Date: 2022-10-07
Status: In Progress
Notes: This document is still in review and may be heavily modified based on stakeholder feedback. Please add any feedback or questions in:
https://github.com/testground/testground/issues/1491
- Table Of Content
- Context
- Vision
- Our Focus for 2022-2023
- Milestones
- 1. Bootstrap libp2p's interoperability testing story
- 2. Improve our Development & Testing infrastructure to meet engineering standards
- 3. Support libp2p's interoperability testing story as a way to drive "critical" Testground improvements
- 4. Testground Is Usable by Non-Testground experts
- 5. Refresh Testground's EKS support
- 6. Provide a Testground As A Service Cluster used by libp2p & ipfs teams
Testground is a platform for testing, benchmarking, and simulating distributed and peer-to-peer systems at scale.
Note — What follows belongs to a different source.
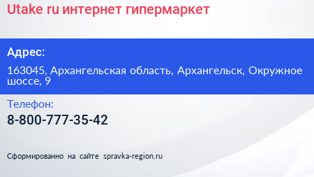 Utake.ru, интернет-гипермаркет по адресу 163045, Архангельская область, Архангельск, Окружное шоссе, 9 в дальнейшем Организация, размещена в следующих категориях:

It's designed to be multi-lingual and runtime-agnostic, scaling gracefully from 2 to 10k instances when needed.
Testground was used successfully at Protocol Labs to validate improvements like libp2p's gossipsub security extensions, IPFS' massive DHT and Bitswap improvement, and Filecoin improvements. Today, we are actively working on it to support libp2p interoperability testing.
This document consists of two sections:
- Milestones is the list of key improvements we intend to release with dates and deliverables. It is the "deliverable" oriented slice of our plan.
- Appendix: Problems we focus on is the list of areas of improvement we intend to focus on. Some contain a few examples of milestones. It is the "problem" oriented slice of our plan and might cover multiple releases and multiple "milestones".
There is an issue dedicated to Tracking Discussions around this Roadmap.
The timeline we share is our best-educated guess (not a hard commitment) around when we plan to provide critical improvements.
Where possible, we've shared a list of deliverables for every Milestone. These lists are not exhaustive or definitive; they aim to create a sense of "what are concrete outcomes" delivered by an improvement.
As we agree on this Roadmap and refine it, we'll create & organize missing EPICs.
Making Testground project management sustainable is one of our key milestones.
This section is still a very high-level draft
Testground As A Service embodies our long-term vision.
- A single, scalable, installation that one or more organizations can use in all their projects,
- An easy-to-follow documentation and guidelines for users to jump straight into action,
- An example: pages that can hand-hold through the learning curve, thus fostering community-driven tutorials. As well as APIs section that can help navigate through the vast possibilities of testground.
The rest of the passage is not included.